Quamina, who sat in on the interview, noted the company has done very well over the past four and a half years, and is really in a position to source the development funds it needs, at least in the short and medium term from internal sources.
“We’re financially in a great place. There are a variety of programmes that we need to support and in the short and medium term, we’ll be able to support those internally. There are also other opportunities to look at joint ventures and other partnerships in order to leverage other resources to bring to bear on those programmes, whether it’s drilling programmes or new opportunities.
“And then, I think as we look longer term, obviously there’s always the opportunity to look at those assets and do we source something from the capital markets or other areas, but that’s not really in the plans. Right now, when we look at the short and medium term, we can source our programs internally as laid out. And that’s just a testament to the resilience that Heritage has,” said Quamina.
“There is nothing increasing production can’t solve,” he added.
Headwinds
Ahead, Keskula observed that general industry consensus is that oil prices are going to be “more volatile going forward, we see more swings and bigger swings.”

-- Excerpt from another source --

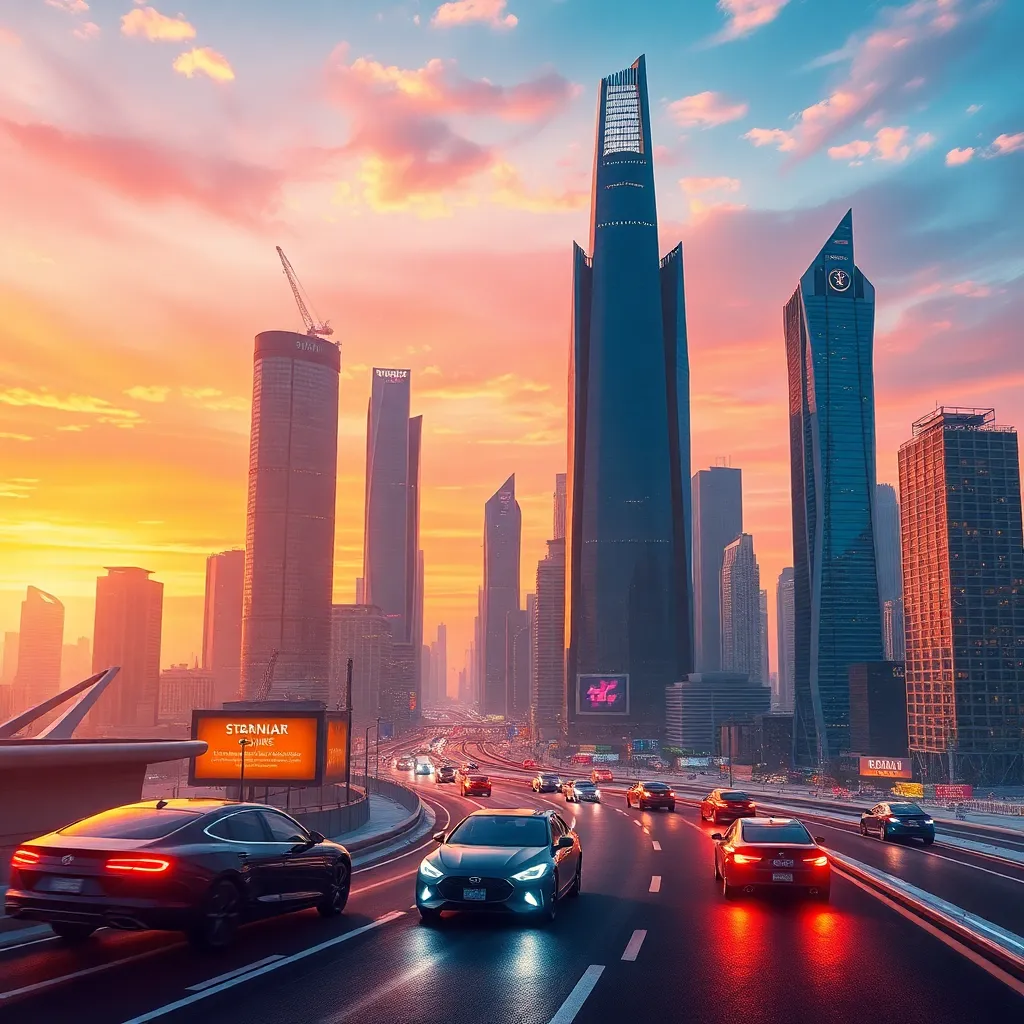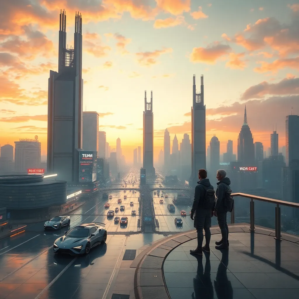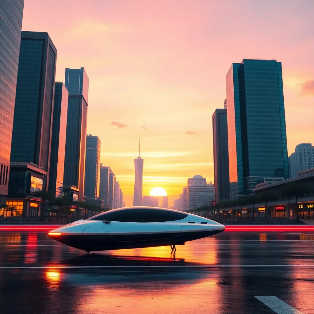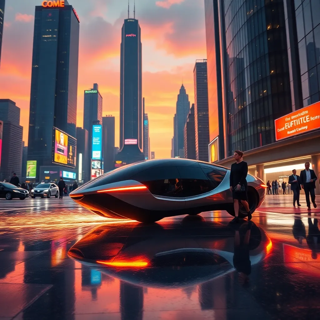 Create a futuristic cityscape at sunset, with towering skyscrapers and neon lights reflecting off the wet pavement. A sleek, silver hovercar zooms by, leaving a trail of sparks behind it. The city's inhabitants, dressed in stylish attire, walk with confidence, their faces illuminated by the vibrant urban glow.

“So what we want to be sure is that the barrels that we’re producing are competitive at all those prices. We want to make sure we have a cost structure that makes those barrels competitive at all prices. And so we need to be sure that we’re producing more oil, but as safely as possible but also as cheaply as possible so that we’re maximising the amount of revenue that’s coming into the country and for the people,” he said.
Keskula deferred discussing the margin made on crude but Quamina noted that Heritage had no problem making use of storage facilities and declining to sell crude when prices are too low.
He noted that Heritage is focused on the energy transition and has already identified a few projects as well that take us well on our way to the 30 per cent reduction in methane emissions that heritage has committed to help meet the ministry’s desire to be those targets by 2030.
He said that globally, the timeline of the energy transition changed with the Ukraine war.
“And it’s caused some general reassessment of how quickly we can make the change. I think the general view is, and certainly my view, is that the energy transition is here and it’s here to stay. The timeline is anybody’s guess.
“But what’s important for us is that in terms of creating a resilient and sustainable business, we need to be sure that we are factoring that in so that as we drive those improvements, we’re doing it in a way that aligns with those, those broader objectives. And like I said, it’s not just Trinidad, I think it’s regionally from the Caribbean and what commitments it makes, as well as our counterparts internationally. And I think that’s going to really guide the entire industry,” he said.